Rest on your hands and knees with your head in line with your back. Pull in your stomach, rounding your back slightly. Hold for several seconds, and then relax your stomach and back — keeping your back as flat as possible. Don't let your back sag. Gradually work up to 10 repetitions.
Backward stretch
To stretch your back, pelvis and thighs, try the backward stretch. Start on your hands and knees, keeping your arms straight and your hands directly beneath your shoulders. Curl backward toward your heels as far as is comfortable for your knees. Tuck your head toward your knees and keep your arms extended. Hold for several seconds, and then return to the starting position. Gradually work up to 10 repetitions.
Backward stretch with fitness ball
You can also do the backward stretch with a fitness ball. Start on your knees with your arms straight and hands on a fitness ball, as shown. Curl backward slowly in the direction of your heels as far as is comfortable for your knees. Hold for several seconds, and then return to the starting position. Gradually work up to 10 repetitions.
Standing pelvic tilt
Next try the standing pelvic tilt, which is another way to stretch the muscles in your lower back. Stand up straight with your back against a wall, your feet about shoulder-width apart. Then push the small of your back against the wall. Hold for several seconds, and then return to the starting position. Gradually work up to 10 repetitions.

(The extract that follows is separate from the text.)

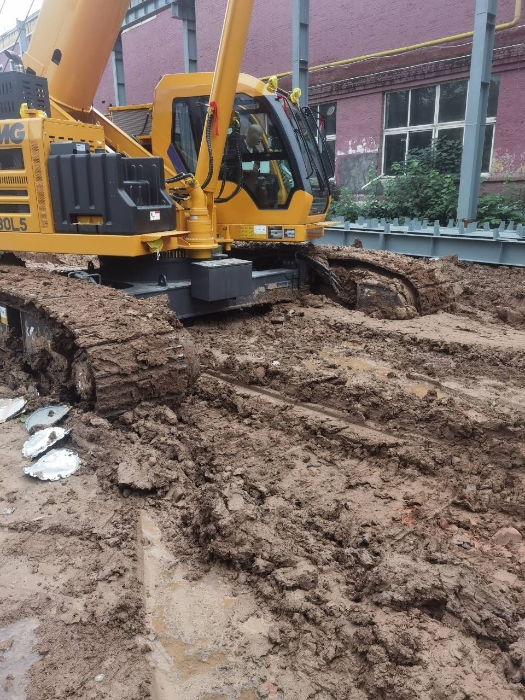 在絕大多數(shù)設(shè)備望而卻步的深水泥濘場(chǎng)地上,一座鋼結(jié)構(gòu)的廠房正拔地而起。這背后,徐工XGTC30L5(30噸級(jí))伸縮臂履帶起重機(jī),正以卓越的性能,將施工困境變?yōu)檎蔑@實(shí)力的舞臺(tái)。

Pelvic tilt with fitness ball
You can also do the pelvic tilt with a fitness ball. Sit on the floor, with your back leaning against a fitness ball, your feet flat on the floor and your arms at your hips. Then, push the small of your back upward. Hold for several seconds, and then return to the starting position. Gradually work up to 10 repetitions.
Consider having someone stand nearby to prevent you from losing your balance.
Torso rotation
To stretch the muscles in your back and upper torso, try the torso rotation. Sit on the floor with your legs crossed. Hold your right foot with your left hand. Then move your left hand behind you, slowly open your upper body to the right. Hold for several seconds, and then return to the starting position. Switch hands and repeat on the other side. Gradually work up to 10 repetitions on both sides.
If you're uncomfortable sitting on the floor, sit on a mat or towel.